OpenAI’s ChatGPT ads just went cost-per-click, and the AI advertising war has its battle lines

OpenAI Shifts ChatGPT Ads to Cost-per-Click as CPM Erodes

April 22, 2026 - 9:55 am

OpenAI has transitioned ChatGPT's advertising model from Cost per Thousand Impressions (CPM) to Cost per Click (CPC), placing the company in direct competition with Google and Meta for performance ad budgets just ten weeks after introducing ads within its chatbot. Advertisers can now bid between $3 and $5 per click, with a minimum spend of $50,000, down from the previous $250,000.
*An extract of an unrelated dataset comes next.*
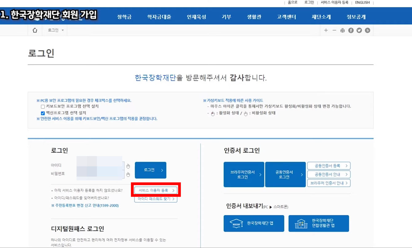 우선 한국장학재단 홈페이지에 들어가셔서, 회원가입을 먼저 해주셔야 합니다. 로그인 페이지에 가시면, 서비스 이용자 등록이라는 버튼이 있습니다. 이를 누르시고, 만 14세 이상 국내인으로 주민번호 실명 인증을 하시면 ID/PW를 만들 수 있습니다.

This shift was prompted by a significant drop in CPMs, which eroded from $60 at launch in February to as low as $25 in some cases. This made the volume-based impressions model unsustainable for a company projecting $14 billion in losses this year.

The ads appear at the bottom of ChatGPT responses, clearly labeled "sponsored" and visually separated from the answer. While users on the free tier and $8-per-month Go plan see ads, paid subscribers on Plus, Pro, Business, Enterprise, and Education tiers do not. OpenAI emphasizes that advertisers cannot access user conversations, chat history, names, email addresses, or IP addresses, receiving only aggregated performance data. Targeting is contextual, aligning with the conversation topic rather than demographic or third-party data.

From a mere experiment to a fully-fledged ad platform in ten weeks, OpenAI's rapid expansion is notable. They initially introduced advertising on February 9th with a CPM model, and within two months, the pilot program achieved $100 million in annualized revenue with several hundred advertisers on board. OpenAI forecasts $2.5 billion in ad revenue for 2026, projected to scale to $100 billion by 2030.